[Start of section]
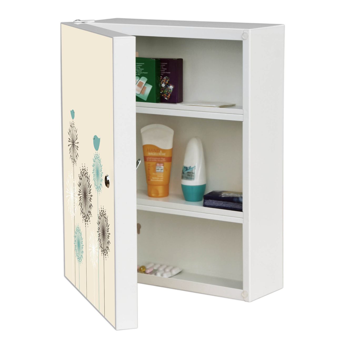 Medizinschrank Stahl Motiv Kugelfontänen
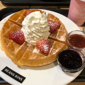 ストロベリーワッフル🍓 出来立てのワッフルは生地もサクサクで生クリームも甘すぎずペロッと完食。
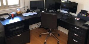 | Author Scott Aikey invested in the physical hardware necessary to create a home office space that is defined and conducive to working remotely. |
[End of section]
» **What the task requires**
Would you please copy the material exactly, leaving all the pictures out?

» **Response for this exercise**
 Medizinschrank Stahl Motiv Kugelfontänen
 ストロベリーワッフル🍓 出来立てのワッフルは生地もサクサクで生クリームも甘すぎずペロッと完食。
 | Author Scott Aikey invested in the physical hardware necessary to create a home office space that is defined and conducive to working remotely. |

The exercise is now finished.